Jacob se rend alors compte qu’il doit retourner sur la Terre d’Israël parce qu’il a une mission à remplir. De
même qu’Abraham savait que c’était le seul endroit où le potentiel juif pourrait être réalisé, de même Jacob
a-t-il également conscience que c’est le seul pays où il doit habiter. Aussi rassemble-t-il tout ce qu’il possède
et se met-il en route.
LA RENCONTRE
Et cela va nous faire assister à une autre scène qui deviendra un puissant modèle dans l’histoire du peuple
juif : la rencontre de Jacob et Esaü.
Alors qu’il progresse sur son chemin du retour, Jacob apprend qu’Esaü vient à sa rencontre avec une armée
de 400 hommes. En réponse, continuant de faire preuve de sa sagacité, il lui envoie des cadeaux. La
rencontre a lieu. Esaü n’essaie pas de tuer Jacob bien qu’il soit évident qu’il continue de le haïr. Il lui dit : «
Mon frère, je me réjouis de te voir de retour. Viens avec moi au Mont Séir, où j’habite, et nous ferons des
affaires ensemble ! Avec ta perspicacité et ma force physique, nous dominerons tout le Moyen-Orient ! »

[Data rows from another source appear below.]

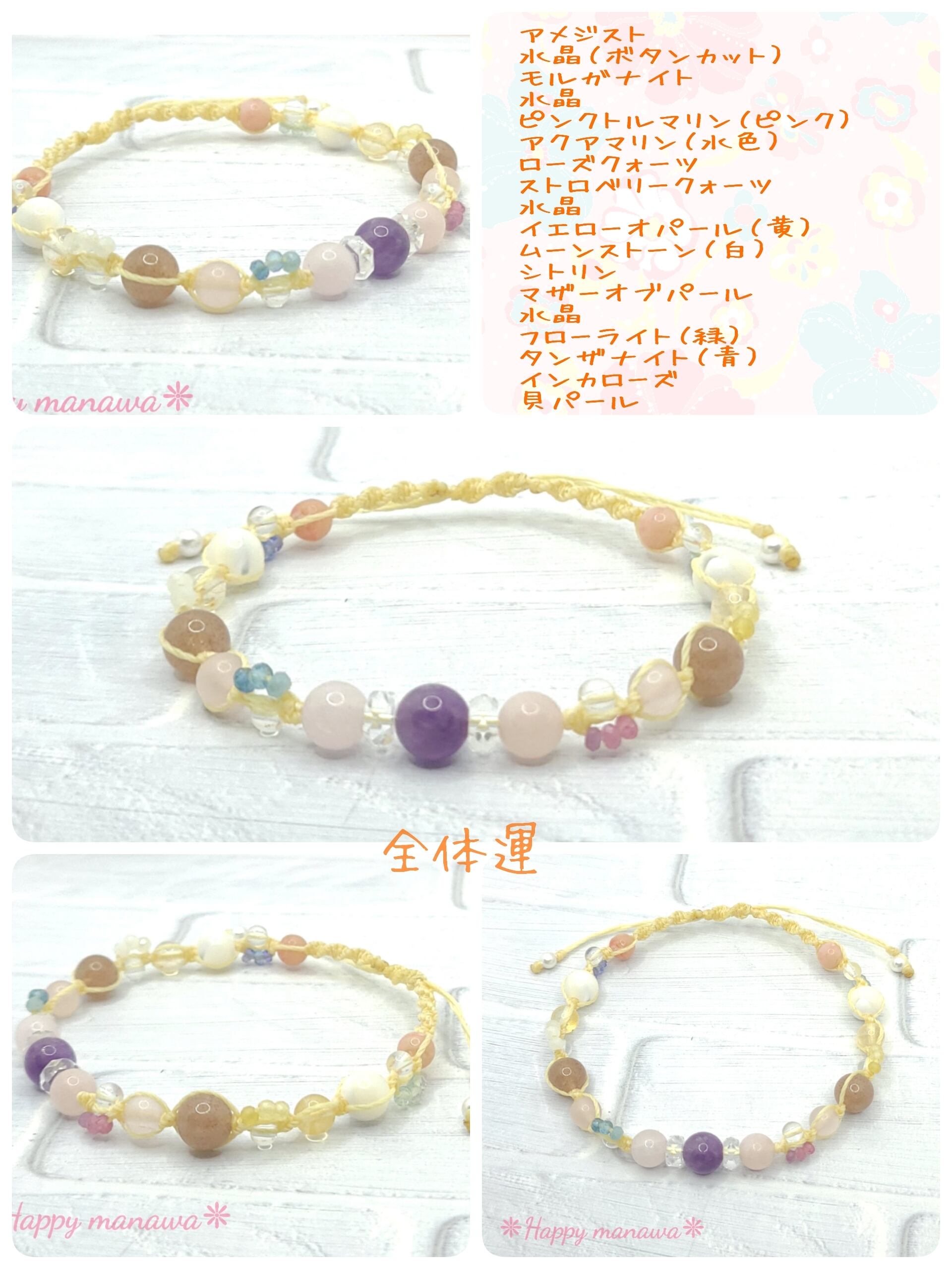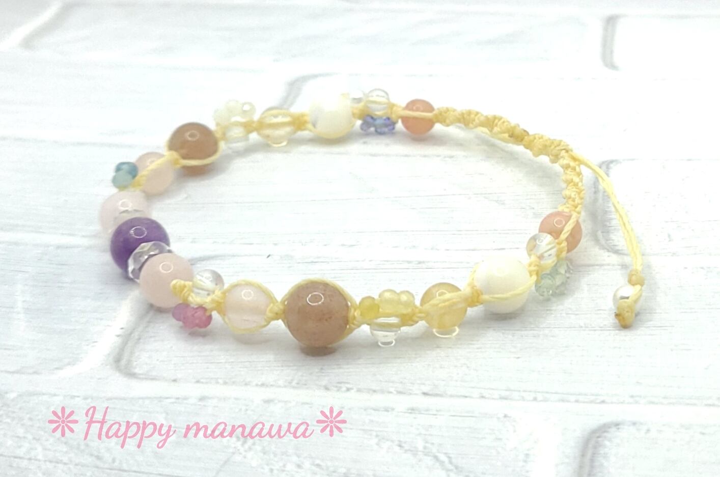 ✽ ブレスレットやアンクレットはマクラメコード(蝋引き紐)を編んで作っています。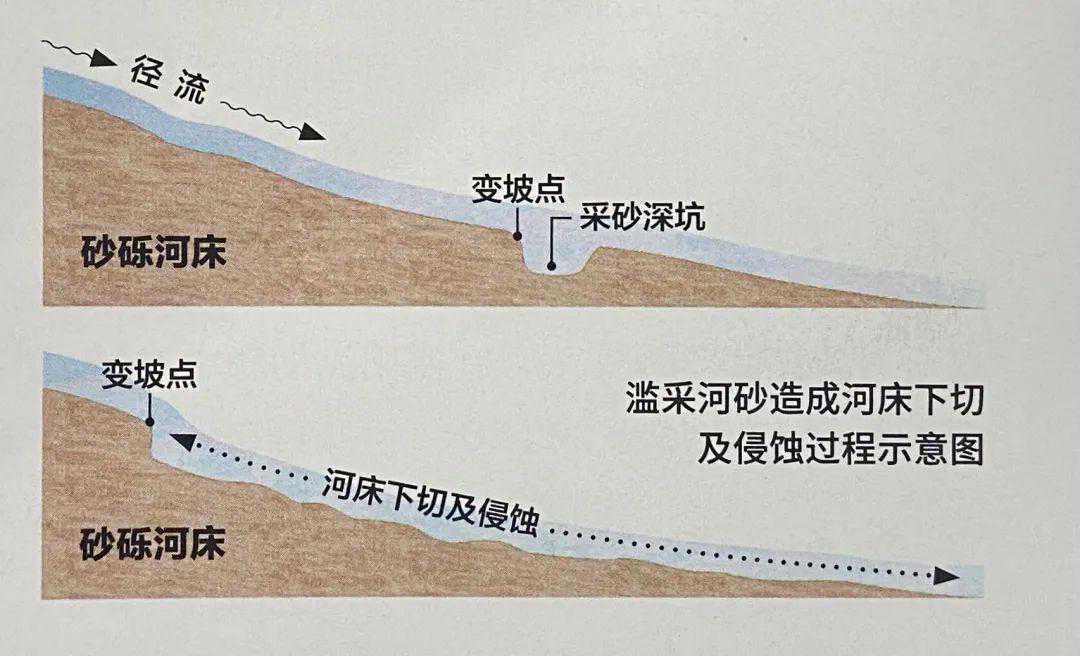 ◎挖砂造成河床下切的示意图,大量挖砂深坑造成径流溯源侵蚀并冲刷下游,使整个河段河床下降。绘图/张洵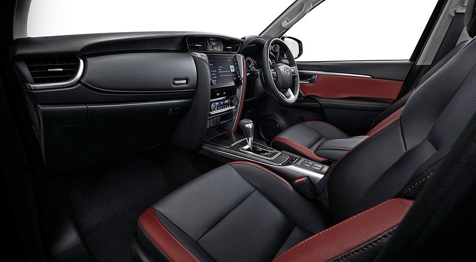 За основу для Fortuner Commander взяли «стандартный» внедорожник во второй по старшинству комплектации V (у модели есть еще «богатая» модификация Legender, у нее свой дизайн). Внешние отличия от «простого» вездехода – выполненные в черном цвете радиаторная решетка, накладка на переднем бампере, крыша, корпуса наружных зеркал, пороги и декоративная плашка на корме. Сам кузов может быть белым или красным. Кроме того, Коммандеру достались 20-дюймовые колеса – как у топового Fortuner Legender («стандартному» вездеходу положены 18-дюймовые).

Il ne fait aucun doute que si ces deux hommes avaient formé équipe, ils auraient constitué une force
invincible à travers l’histoire humaine. Essayons d’imaginer la puissance physique des Romains associée au
pouvoir spirituel et intellectuel des Juifs !
Mais Jacob répond : « Marche devant moi ! Je te rattraperai plus tard ! » Et nous savons maintenant que
Jacob ne rejoindra jamais Esaü au Mont Séir.
Rachi, le grand commentateur biblique explique, en citant le prophète Ovadia, qu’ils finiront par se
retrouver, mais à la fin des temps. Jacob, qui représente la grande force intellectuelle et spirituelle dans
l’histoire humaine, dit à Esaü, lequel incarne la grande force physique : « Je te donne la permission
d’occuper le devant de la scène et de dominer physiquement l’aventure des hommes. Mais à la fin des
temps, quand “le lion habitera avec l’agneau”, nous nous retrouverons, et ce sont les Juifs qui auront le
dessus. »Cela ne signifie pas que les Juifs finiront par conquérir le monde et se constituer un grand empire.
A la fin des temps, le monde entier en viendra à reconnaître un Dieu unique et à mener dans la paix et la
fraternité une existence imprégnée des grandes valeurs morales. La mission confiée aux Juifs sera alors
accomplie, mais en attendant, c’est Esaü qui a le dessus.
Finalement, l’histoire va être marquée par la lutte entre les idées juives et les idées d’Esaü et la culture dont
il a été le fondateur. C’est une bataille au niveau cosmique : le bien contre le mal. On se trouve ici en
présence d’une idée très puissante, qui domine l’ensemble de l’histoire juive.